ACTION ITEM: Lines from the one containing "Thora thora (Calotropis procera), Algérie" through the final line of the data, restated word for word and free of pictures, make up the whole answer.

PROVIDED DATA:
##########
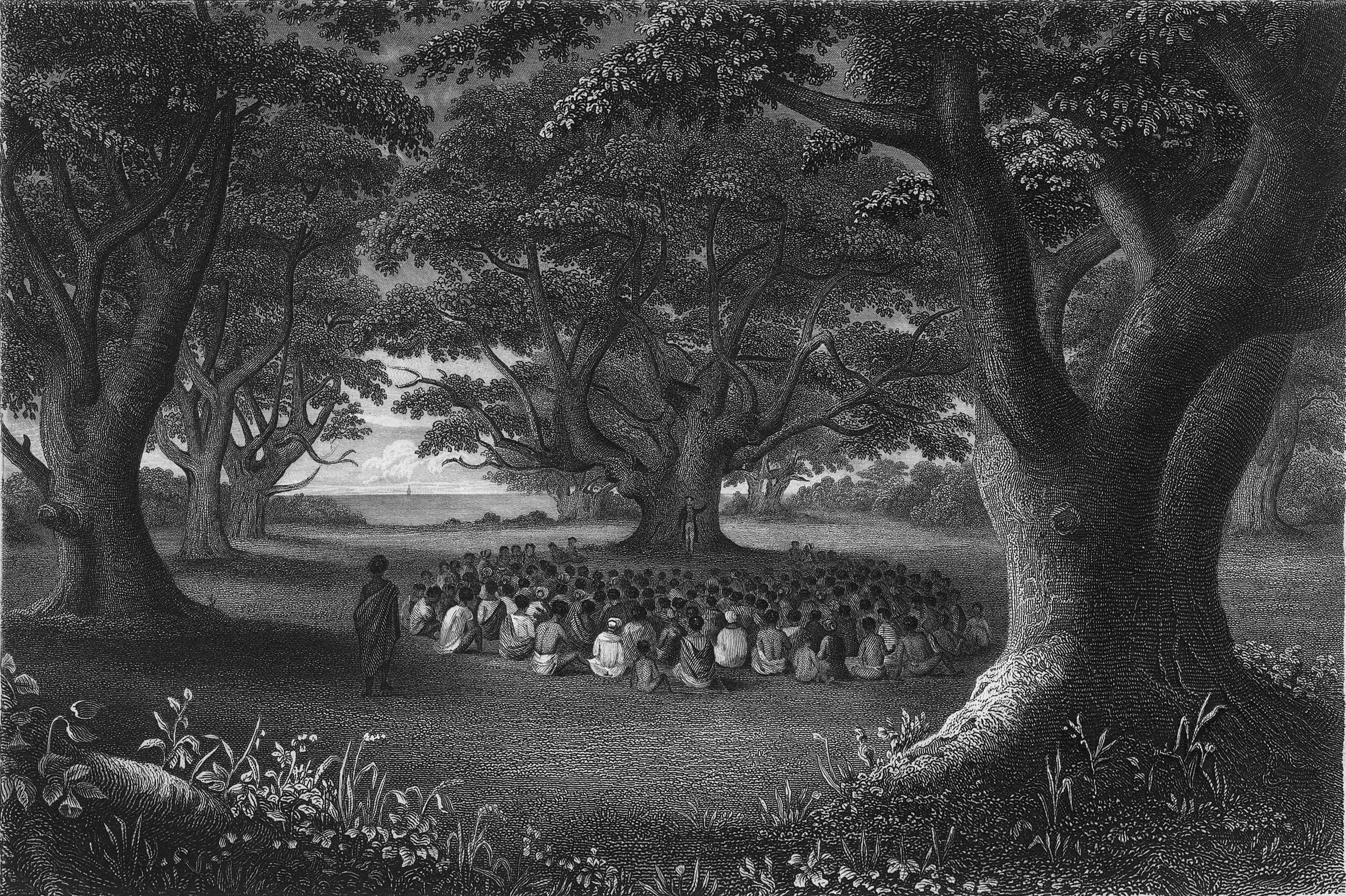 A New England missionary preaches in a kukui grove in Hawai'i, as depicted in an engraving appearing in Wilkes' Narrative of the United States Exploring Expedition.
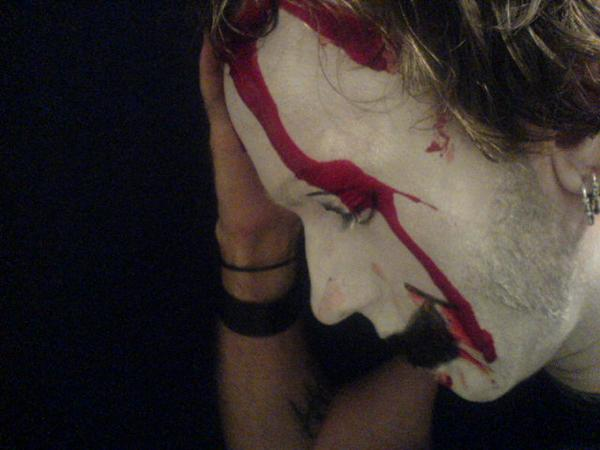 Ole Alexander Myrholt, Tremor (band)
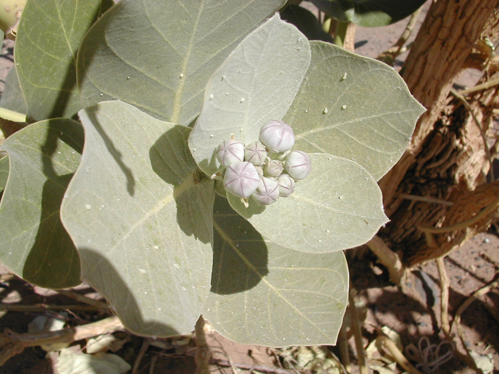 Thora thora (Calotropis procera), Algérie
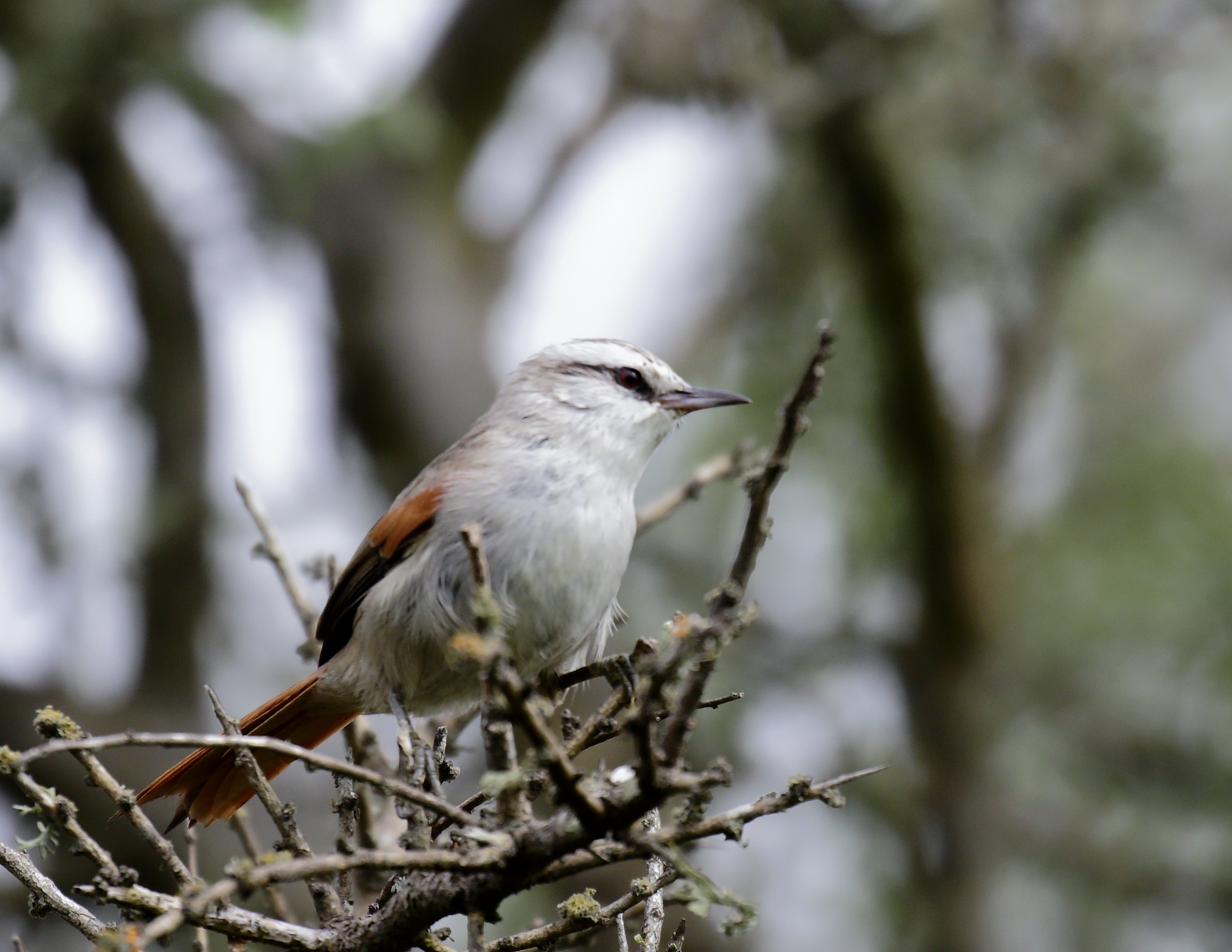 Stripe-crowned Spinetail; Capivara, Santa Fe, Argentina
##########
EXERCISE RESPONSE:
 Thora thora (Calotropis procera), Algérie
 Stripe-crowned Spinetail; Capivara, Santa Fe, Argentina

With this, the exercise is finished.